Material provided ->
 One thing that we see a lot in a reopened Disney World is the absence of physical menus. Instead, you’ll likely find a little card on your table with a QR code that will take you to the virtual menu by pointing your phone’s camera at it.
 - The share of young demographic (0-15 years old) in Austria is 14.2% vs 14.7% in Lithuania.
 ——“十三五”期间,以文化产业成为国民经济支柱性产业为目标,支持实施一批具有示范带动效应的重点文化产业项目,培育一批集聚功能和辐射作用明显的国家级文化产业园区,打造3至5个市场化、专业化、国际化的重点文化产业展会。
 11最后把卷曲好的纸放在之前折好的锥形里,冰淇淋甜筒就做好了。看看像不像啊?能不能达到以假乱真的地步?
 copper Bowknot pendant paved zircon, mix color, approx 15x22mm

...

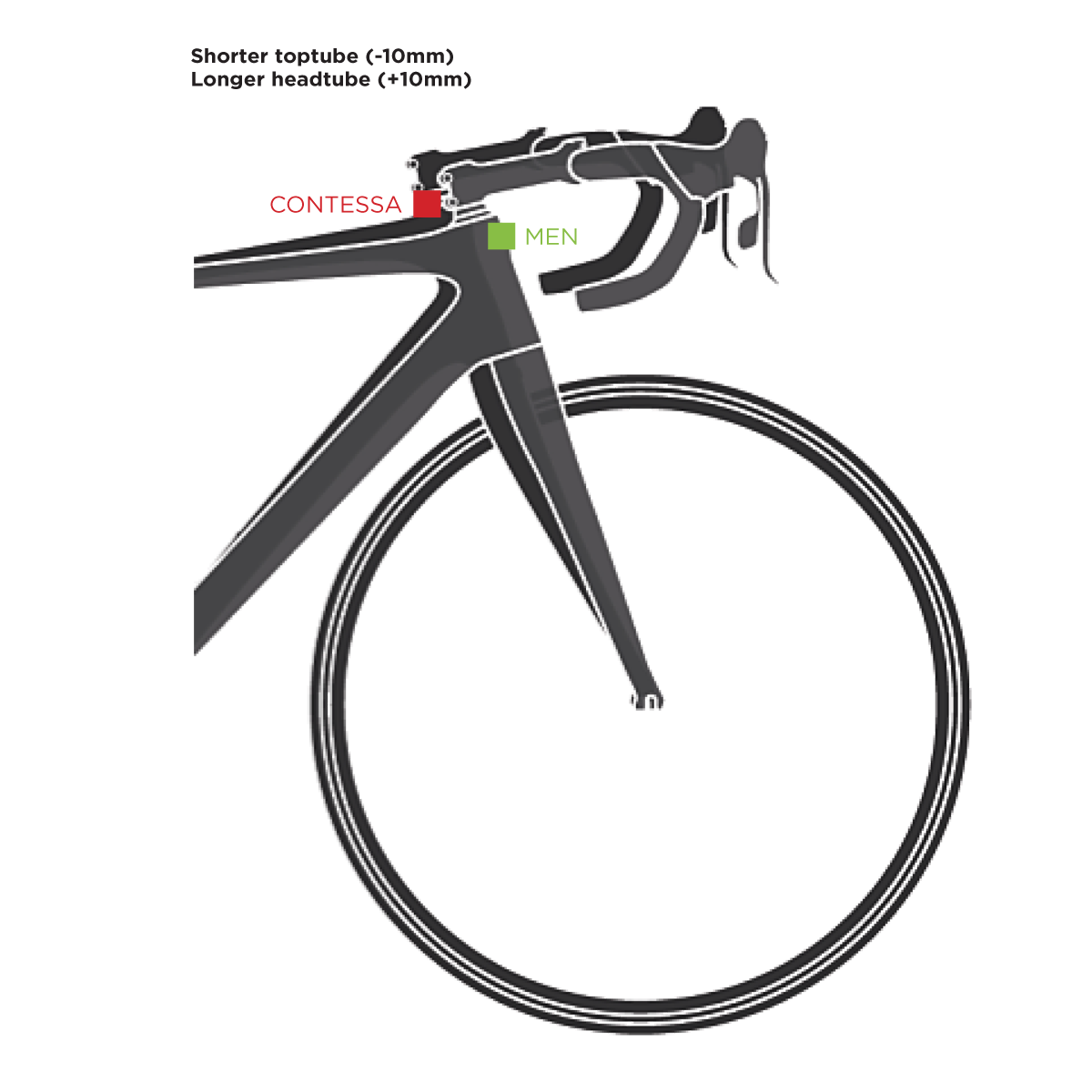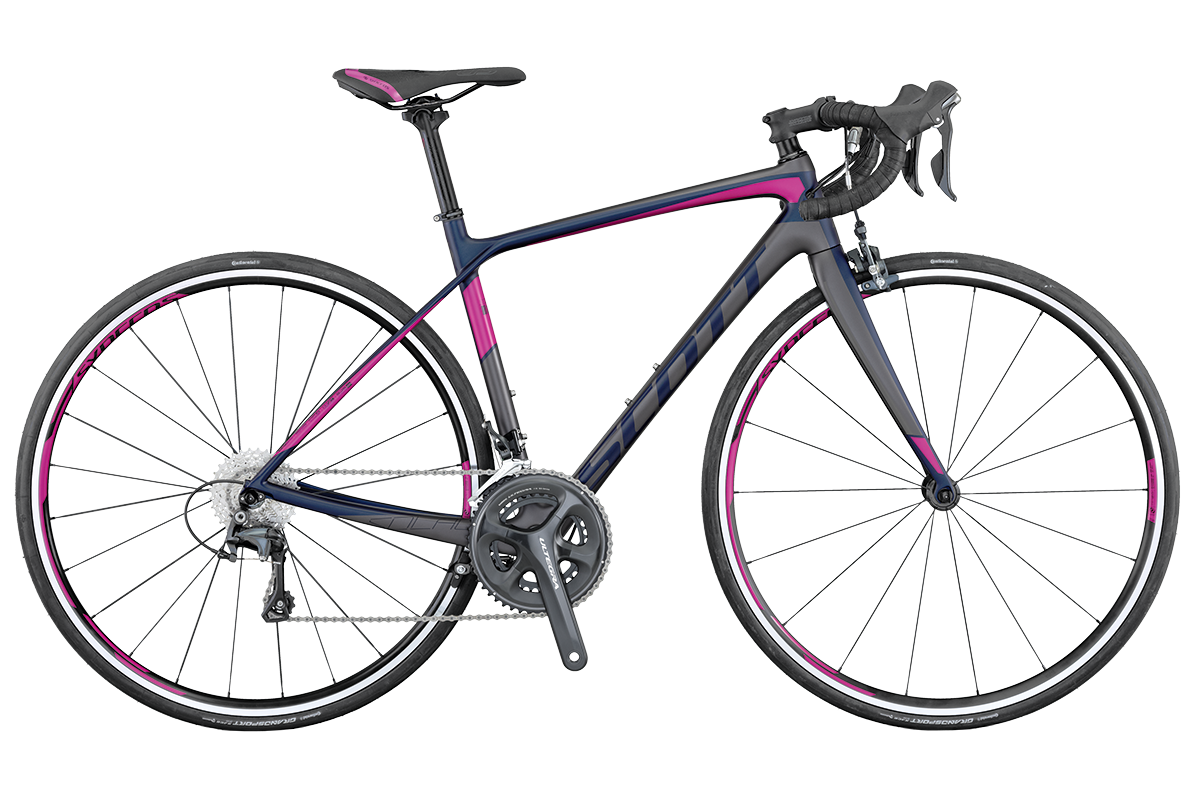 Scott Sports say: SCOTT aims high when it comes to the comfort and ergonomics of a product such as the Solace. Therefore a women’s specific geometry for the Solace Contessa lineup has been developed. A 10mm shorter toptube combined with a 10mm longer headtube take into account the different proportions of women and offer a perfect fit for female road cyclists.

Work instruction -> Every line above from the line with "- The share" to the line with "copper Bowknot pendant", both included, must be reproduced exactly, and no other line may appear.

Output for this exercise ->
 - The share of young demographic (0-15 years old) in Austria is 14.2% vs 14.7% in Lithuania.
 ——“十三五”期间,以文化产业成为国民经济支柱性产业为目标,支持实施一批具有示范带动效应的重点文化产业项目,培育一批集聚功能和辐射作用明显的国家级文化产业园区,打造3至5个市场化、专业化、国际化的重点文化产业展会。
 11最后把卷曲好的纸放在之前折好的锥形里,冰淇淋甜筒就做好了。看看像不像啊?能不能达到以假乱真的地步?
 copper Bowknot pendant paved zircon, mix color, approx 15x22mm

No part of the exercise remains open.